The Accenture Wearable Technology practice moved in 2015 from the lab and has taken up residence in the Accenture Liquid Studio, in addition to standard wearables-focused client delivery work, we’re spearheading proof of concept (POC) augmented reality projects for some of our large enterprise clients. Many employ workers who use their hands to do their job, such as technicians who, instead of working in an office setting, completes the majority of work in remote locations, job sites, and factory floors. The Wearable Technology practice aims to make their jobs easier, safer and more efficient. Examples of these types of workers include technicians on an oil rig or mechanics working on a jet engine, who are required to adhere to steps and procedures, and reference existing documentation.

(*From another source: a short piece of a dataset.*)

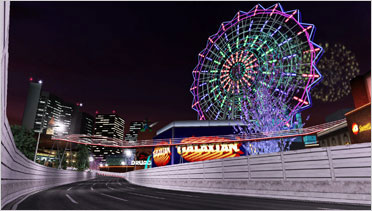 レイブシティの中心街をダイナミックに駆け抜ける、夜景の美しい新コースです。道幅が広く走りやすい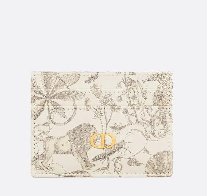 来自Dior的Caro Freesi卡夹采用奶白色牛皮革精心打造,饰以艺术家Pietro Ruffo设计的金色Dior Cabinet de Curiosités图案,花卉设计中巧妙融入多种动物元素。卡夹正面印有经典的CD标志,内部设有五个卡槽,既适合日常使用,又是一款兼具优雅与实用性的配饰。

Using these materials requires trying to work while simultaneously holding the paper or having to pick it up, read it and put it down, which disrupts productivity and could be dangerous. . In other cases, the documentation might be on a legacy computer system, requiring the worker to halt what they’re doing, walk to the computer to view the document, and then resume their task; once more, an inefficient process.

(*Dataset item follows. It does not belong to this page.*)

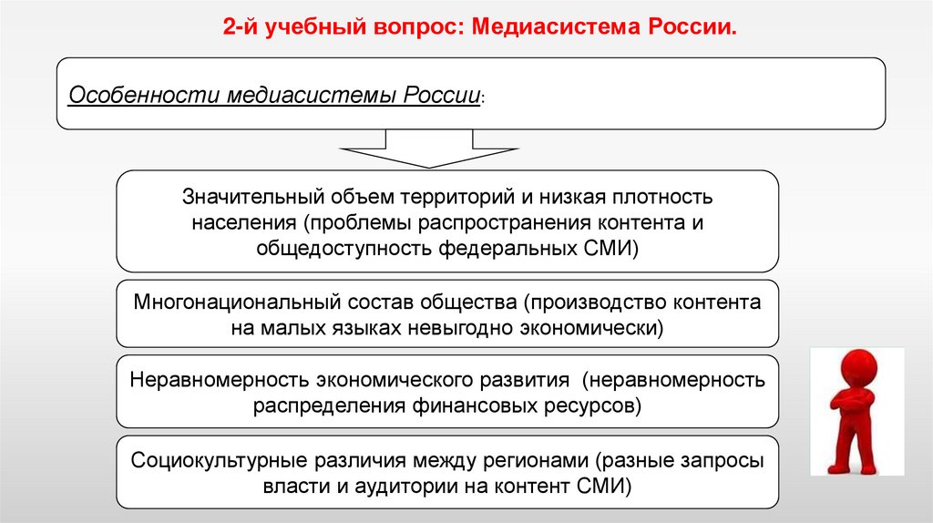2-й учебный вопрос: Медиасистема России.Особенности медиасистемы России:

The Accenture Wearable Technology team, located in the Accenture Liquid Studio, has developed a solution that effectively mitigates these issues by using augmented reality (AR). AR is a technology that provides a user with a view of the world around them, while augmenting that view with computer-generated images. Solutions that utilize this technology often use tablets or phones (like map apps or the popular Snapchat facial augmentation feature), but others use smart glasses, such as the much-anticipated Microsoft HoloLens. Accenture’s Augmented Reality Workflow Engine was developed primarily for smart glasses, but can be used on any Android device. The target device is a pair of smart glasses by Osterhout Design Group.

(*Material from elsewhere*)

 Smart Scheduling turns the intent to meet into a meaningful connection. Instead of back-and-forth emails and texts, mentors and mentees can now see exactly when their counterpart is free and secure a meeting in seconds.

The use of smart glasses provides a way for a user to view the real world in front of them, keep their hands free and also receive visual work instructions. Accenture’s Augmented Reality Workflow Engine uses a target tracking technology called Vuforia. This technology allows a smart glasses application to recognize specific targets in its field of view. When these targets are recognized, the application can generate 3D objects in the user’s field of view. In the case of the Accenture’s Augmented Reality Workflow Engine, the targets take the form of QR codes that are placed in specific locations in the area where the work is being done. When a user, wearing the glasses, looks at the targets, the application generates overlays that highlight certain spots in the work area where the user needs to direct their attention. For example, if a user is assembling a piece of equipment, the first step might be to attach a wire to a specific connector; the application would highlight the connector, directing the user to the correct spot.

In addition to augmented overlays, the solution also provides textual instructions and images/diagrams that can take the place of any paper or computer-based instructions and documentation. The goal here is to allow the user to remain on the job without having to look or move away from the job site, increasing efficiency.

This solution is highly customizable and can be modified easily to suit client needs. Working with one of our aerospace clients, facing the issue of how to enable their jet technicians to work on complex projects requiring two hands without having to constantly refer to a printed or online manual for the next step, the Accenture Liquid Studio team created a solution that helps an installer route a wire harness through a fighter jet and has proven to increase worker efficiency significantly. The team at the Liquid Studios is looking forward to more opportunities to deploy the solution and gather efficiency and time improvement data, especially since different use cases will likely yield a variety of results. However, we are encouraged by results so far, which indicate that augmented reality and wearable technology can combine to create valuable solutions for our clients.